How to stream data from Pub/Sub to Big Query using Dataflow and Terraform templates

You’ve deployed a message queue in Pub/Sub, congrats! Now you want to analyze this data, so you’ve decided to move it into a data lake or warehouse. You’ve been using Big query and followed the google docs to get it working via the UI. Now it’s time to turn it to infra as code and deploy some terraform.

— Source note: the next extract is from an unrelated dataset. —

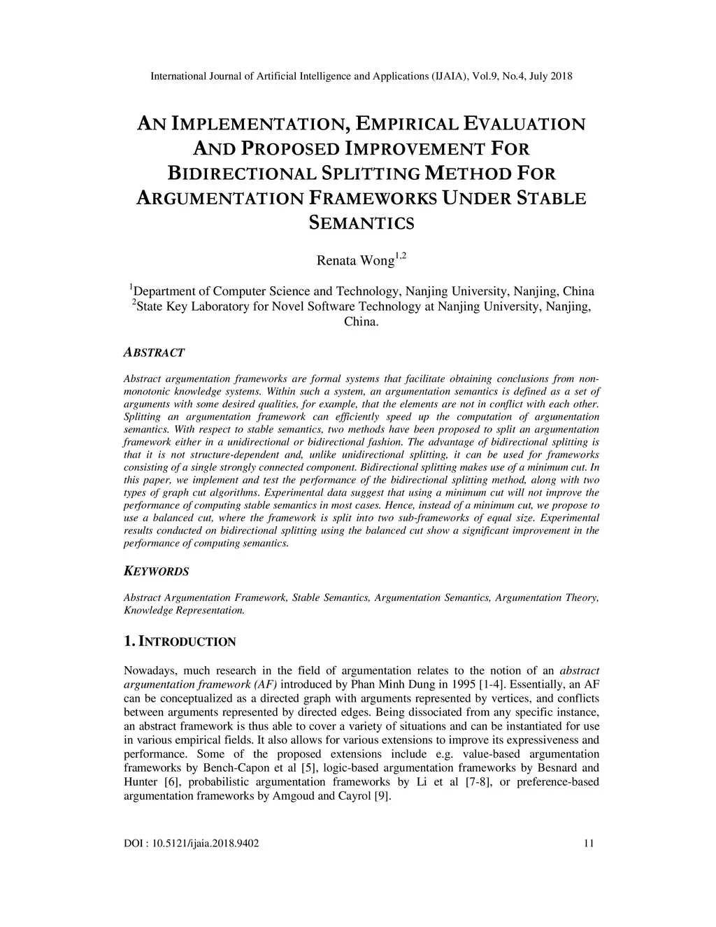 Abstract argumentation frameworks are formal systems that facilitate obtaining conclusions from non-monotonic knowledge systems. Within such a system, an argumentation semantics is defined as a set of arguments with some desired qualities, for example, that the elements are not in conflict with each other. Splitting an argumentation framework can efficiently speed up the computation of argumentation semantics. With respect to stable semantics, two methods have been proposed to split an argumentation framework either in a unidirectional or bidirectional fashion. The advantage of bidirectional splitting is that it is not structure-dependent and, unlike unidirectional splitting, it can be used for frameworks consisting of a single strongly connected component. Bidirectional splitting makes use of a minimum cut. In this paper, we implement and test the performance of the bidirectional splitting method, along with two types of graph cut algorithms. Experimental data suggest that using a minimum cut will not improve the performance of computing stable semantics in most cases. Hence, instead of a minimum cut, we propose to use a balanced cut, where the framework is split into two sub-frameworks of equal size. Experimental results conducted on bidirectional splitting using the balanced cut show a significant improvement in the performance of computing semantics.

In the tutorial below, we’ll go through each part of the code on how to do the deployment. The assumption is you have experience using terraform and the gcp resources.

Useful Resources

  1. Google template example
  2. Terraform provider
  3. Accompanying Github Repo
  4. Dataflow docs

The Project Structure

The sample project structure is fairly simple, a terraform folder with the terraform files, and a schemas folder with the two schemas we use.

|____terraform
| |____project.tf
| |____dataflow.tf
| |____pubsub.tf
| |____storage.tf
| |____providers.tf
| |____variables.tf
| |____bq.tf
| |____schemas
| | |____ml_model_topic_feedback_schema.json
| | |____bq_feedback_schema.json

We're deploying 4 main components:

  1. The project
  2. The Pub/Sub topic/schema/subscription
  3. The temp storage bucket
  4. The Biquery dataset/table

Writing The Terraform

To start off we need to create the project and enable the main apis we will use.

Enabling APIs

locals {
gcp_service_list = ["bigquery.googleapis.com", "bigquerystorage.googleapis.com","iam.googleapis.com", "iamcredentials.googleapis.com","pubsub.googleapis.com", "dataflow.googleapis.com"]
}

resource "google_project" "env" {
name = var.project_name
project_id = var.project_id
billing_account = var.billing_account
folder_id = var.folder_id
}

resource "google_project_service" "gcp_services" {
count = length(local.gcp_service_list)
project = google_project.env.project_id
service = local.gcp_service_list[count.index]
disable_dependent_services = true
depends_on = [
google_project.env
]
}

Creating the Pub/Sub Components

Next we need to deploy the Pub/Sub components that will transport the data

resource "google_pubsub_schema" "feedback_schema" {
name = "sample_topic"
type = "AVRO"
definition = file("./schemas/topic_feedback_schema.json")
depends_on = [google_project.env,google_project_service.gcp_services]
}

resource "google_pubsub_topic" "feedback_topic" {
name = "sample_topic"

depends_on = [google_pubsub_schema.feedback_schema]
schema_settings {
schema = "projects/${var.project_id}/schemas/${google_pubsub_schema.feedback_schema.name}"
encoding = "JSON"
}
}

resource "google_pubsub_subscription" "feedback_sub" {
name = "sample_topic"
topic = google_pubsub_topic.feedback_topic.name
depends_on = [ google_project.env, google_pubsub_schema.feedback_schema]
}

And the schema in the schemas folder

{
"type": "record",
"name": "Avro",
"fields": [
{
"name": "feedback_guid",
"type": "string"
},
{
"name":"req_guid",
"type":"string"
},
{
"name":"model_feedback",
"type":"string"
}
]
}

Deploying Temp Storage

For our dataflow job, we need to specify a location to temporarily write results.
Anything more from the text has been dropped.